Тем не менее, несмотря на мое отвращение и разочарование, мы все-таки отправляем письмо Юзефу. В этом письме, Гарриет сообщает, что ее отец насильно заставил ее выйти за меня замуж, и что Герман (то есть я), бьет ее за малейшую провинность, что я только и делаю, что занимаюсь никому не нужной, бессмысленной революцией. Она также извинялась за то, что была холодна с ним, надеясь, что эти лживые слова хоть как-то заденут его чувства. Письмо было пропитано ложью и лицемерием, но это был единственный способ выманить Юзефа, а это значило что нужно играть эту роль до конца.

И снова, словно занавес, опускалась непроницаемая темнота, поглощая меня, лишая меня всякой надежды.

Я проснулся от собственного удара ногой по доске. Холод сковал все тело, словно ледяные оковы, зубы стучали друг о друга, как кастаньеты. Меня бросало то в жар, то в холод. Я начал царапать доски, яростно, отчаянно, словно медведь, попавший в капкан. Все нервы бурлили от бешенства, от бессилия, потому что это был самый худший вид заточения, когда тебя лишают всего, не оставляя ничего, кроме тьмы и одиночества. Ни воздуха, чтобы вдохнуть полной грудью, ни свободного движения, чтобы хоть как-то облегчить свои мучения. Только давящая, непроглядная тьма. Легкие горели, словно высушенные листья, брошенные в огонь, требуя воздуха. Хотелось биться головой о доски, с яростью и отчаянием, но я понимал, что размозжить себе череп - не самая лучшая идея. Блевать от запаха собственной крови, это совсем не то, чего я хотел.

Это был какой-то замкнутый круг, из которого, казалось, не было выхода.

И снова воспоминания, как спасательный круг, вернули меня в прошлое. На этот раз я уже не был в особняке Фло, а шел по улицам Лондона. Мы бродили с Кристофом по серым, мокрым улицам, словно туристы, изучающие старинную архитектуру, архитектуру королей, сделавших эту страну великой. Мы посещали тюрьмы, которые стали музеями, места, куда раньше заточали всех неугодных, задолго до того, как придумали пачками ссылать их в далекую, жаркую Австралию. Я изучал каждый люк, каждое подземелье, вглядываясь с профессионализмом подпольщика. Внимательно всматривался в лица прохожих, пытаясь разглядеть в них что-то важное. Ноги несли меня все дальше и дальше от этого безликого надзирателя, который,следил за каждым моим шагом. И от этого меня переполняло чувство свободы, от которого я несказанно радовался.

В целом, наша жизнь в особняке Фло была не такой уж и строгой, как могло показаться на первый взгляд. Сопровождающий, назначенный следить за нами, старался не попадаться на глаза, словно призрак, следовавший за нами по пятам. Он был незримым присутствием, которое, тем не менее, всегда ощущалось.

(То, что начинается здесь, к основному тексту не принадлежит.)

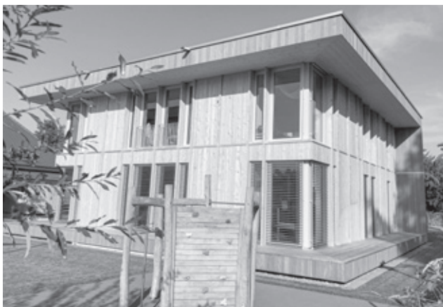
Neubau Kindergarten Mitteldorfstrasse 12a

Das Berichtsjahr war aus baulicher Sicht neben zahlreichen kleineren und mittleren Unterhaltmassnahmen geprägt durch die Inbetriebnahme der ersten Neubauten im Rahmen der Gesamtplanung Kindergärten, die Konkretisierung der Schulraumplanung sowie die Erarbeitung des Hauswartkonzepts. Aus baupolizeilicher Sicht sticht der hohe Aufwand für die Bearbeitung der Gesuche und Einsprachen für Mobilfunkantennen ins Auge. Die seit längerer Zeit kritische Ressourcensituation wurde durch die Kündigung einer langjährigen Sachbearbeiterin, den Abgang eines Projektleiters und die noch immer vakante Stelle in der Bauverwaltung nicht einfacher. Wie in den letzten Jahren mussten deshalb zahlreiche Vorhaben sistiert und auf umfangreiche Dienstleistungen Dritter zurückgegriffen werden.

Комендантский час, конечно, существовал, но мы не особо его соблюдали, бросая вызов установленным правилам. Он не следил за тем, чтобы я был "хорошим" мужем для Гарриет, что меня, конечно же, устраивало. В результате, я спал отдельно от "жены", в крыле для прислуги. Иронично, но именно там я находил покой и умиротворение, более уютное место во всем этом особняке.

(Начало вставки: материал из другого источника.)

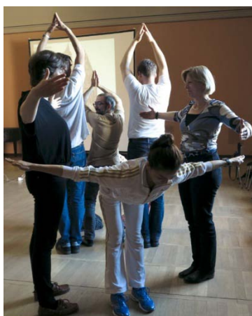
Bild från vår workshop, då deltagarna föreställer Kölnerdomen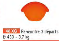
46 XG Rencontre 3 départs Ø 430 - 3,7 kg

Я не раз замечал, проходя мимо Гарриет на бессмысленных светских вечерах, как она, с напускным кокетством, общается с молодыми английскими аристократами. Она звонко смеялась, щебетала, словно птичка, приманивающая к гнезду, и в эти моменты я окончательно понимал, что наш брак подошел к концу, он был лишь фикцией, заключенной в клетку договоренностей. Ее поведение было для меня еще одним подтверждением того, что я для нее никто, лишь средство, которое она использует, как ей удобно.

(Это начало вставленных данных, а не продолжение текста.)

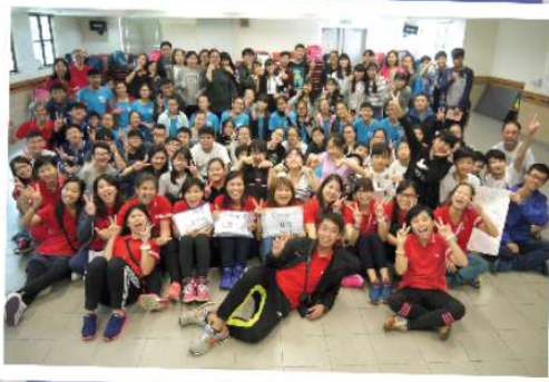
同學於「4C青年義工領袖計劃2016-17聯校培訓營」的大合照。

Именно тогда я начал готовить план побега, детально продумывая каждый шаг. Естественно, я не забывал про Кристофа, он был неотъемлемой частью моей жизни, и я не собирался его оставлять. Мы были связаны, как братья по оружию, и бежать мы должны были вместе.

Прошло три долгих месяца, наполненных тоской и ожиданием, когда в дом Фло пришло письмо от Юзефа. Сам текст письма расплывался в моей памяти, но одну строчку я вертел в голове, как заученную молитву. Месть была единственным смыслом моего существования: "Я воюю с ними давно. И твой отец прекрасно об этом знает. С его стороны, выглядит это как предательство еще большее. Дай только время, и я от него избавлюсь". Эти слова, заставили сердце биться яростью, пробудили во мне бодрость духа, дали силы продолжать бороться за свою свободу.

Снова я проснулся от собственного, прерывистого дыхания. Сейчас, мои уши улавливали странную возню сверху. Что-то явно происходило, какая-то активность, нарушающая привычный порядок тишины. Стук... Раз, два, три. Стук. Раз, два, три. Этот ритмичный стук, словно послание из другого мира, заставлял меня напряженно прислушиваться, пытаясь понять его значение.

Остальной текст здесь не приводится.